Activists: About 500 killed in Syria rebel clashes

Free Syrian Army fighters erect the Syrian opposition flag atop a former base used by fighters from the Islamic State in Iraq and the Levant (ISIL), after it was captured by rival rebel forces in Manbij town in Aleppo January 8, 2014. (Reuters) 
 
Nearly 500 people, among them 85 civilians, have been killed in a week of fierce fighting between Syrian rebels and al-Qaeda militant Islamic State of Iraq and the Levant (ISIL), a monitoring group said Friday.

“We have documented the killing of 482 people in the fighting - 85 civilians, 240 members of the rebel brigades and 157 members of ISIL,” Agence France-Presse quoted the Syrian Observatory for Human Rights director, Rami Abdel Rahman, as saying.

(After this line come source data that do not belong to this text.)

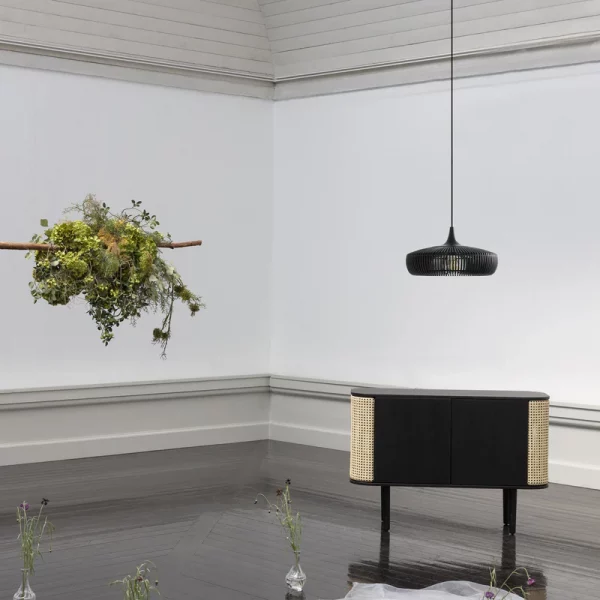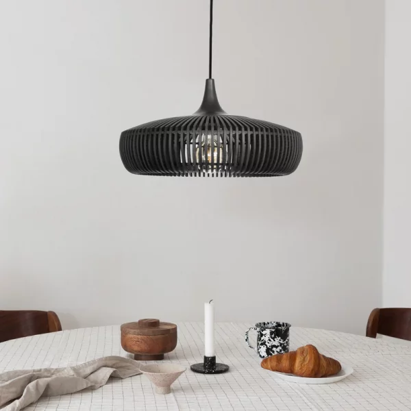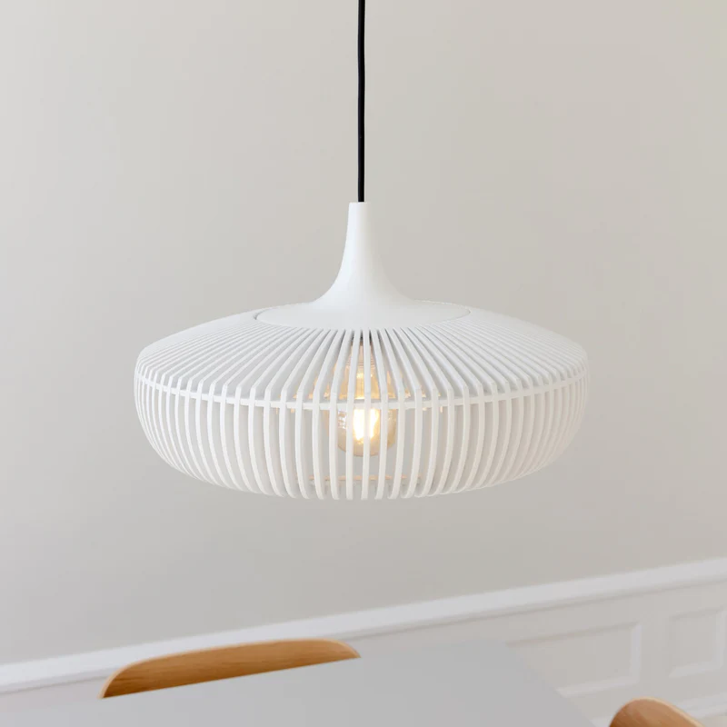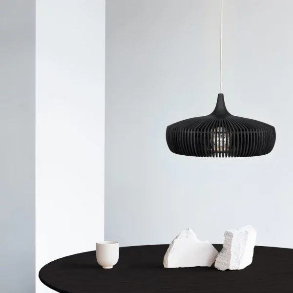La suspension Clava Dine Wood de Umage revisite le design iconique de la Clava Dine avec une touche organique et chaleureuse. Fabriquée à partir de fines lamelles de bois courbées, elle projette une lumière douce et poétique, créant des jeux d’ombres élégants sur les murs.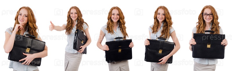Красивая молодая сотрудница с портфелем, изолированным на белом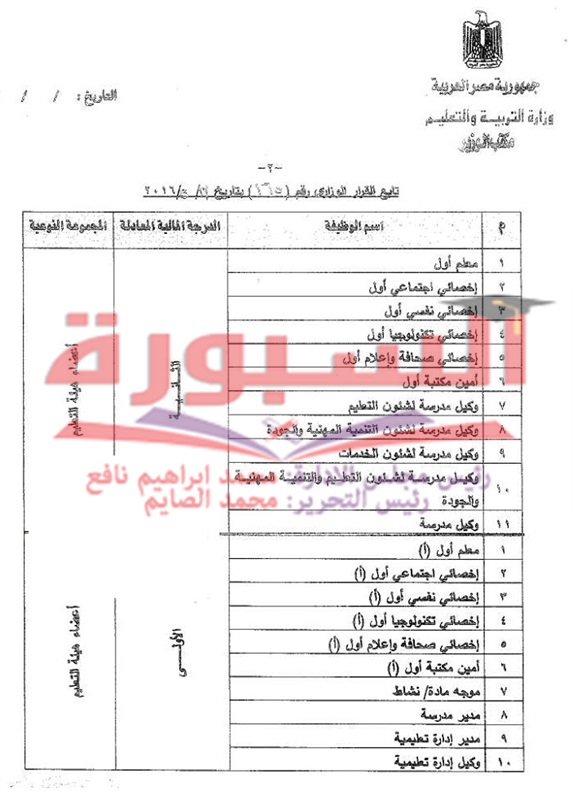 اعتمد الدكتور الهلالى الشربينى، وزير التربية والتعليم والتعليم الفنى، قرار رقم 165 بتاريخ 31 / 5 / 2016 بشأن جدول وظائف اعضاء هيئة التعليم الجديد وذلك وفقا لقانون كادر المعلم رقم 155 لسنة 2007 مع ضرورة تعديل استمارة موازنة وظائف مديريات التربية والتعليم بالمحافظات طبقا لما هو وراد بالقرار ، واخطار الجهاز المركزى للتنظيم والادارة بصورة من هذا القرار .

The Observatory’s death toll comes after the Free Syrian Army (FSA) officials described ISIL fighters as proving their pro-Syrian regime agendas by foiling the rebel army’s attempts to score successes on the ground, Al Arabiya News Channel reported Friday.

The officials said that on more than one occasion, ISIL fighters had attacked rebel units fighting to gain control over areas held by Syrian President Bashar al-Assad’s forces.
The officials said ISIL militants helped Assad’s forces target FSA fighters.

ISIL has been blamed for brutal killings in areas under its control, turning many local residents against them.

But after a series of events, it was more evident to the FSA that ISIL is a backer of Assad’s forces, the officials said.

Their suspicions were aroused when some activists kidnapped by ISIL ended up in Syrian government prisons, said the officials.

British doctor Abbas Khan, who was kidnapped in the northwestern province of Aleppo by ISIL, died in a government jail with his body bearing signs of torture.

This is not the first time the FSA has sounded the alarm over ISIL’s alleged links with the Syrian government.

In early January, a high-ranking Syrian rebel army official told Al Arabiya News Channel that ISIL is “a group of gangsters following” not only the Syrian’s regime, but Iran and Iraq.

The secretary-general of the Free Syrian Army, Captain Ammar al-Wawi, said the sole aim of ISIL is to “hijack the Syrian revolution,” which began after protests against Assad in March 2011.

Wawi also showed a picture of a man named Mohammad Mustapha Faham, who was photographed as a bearded ISIL fighter, but was allegedly a Syrian regime intelligence officer.

Also on Thursday, the Turkish Foreign Minister Ahmet Davutoglu described the Syrian regime and ISIL as “backstage partners.”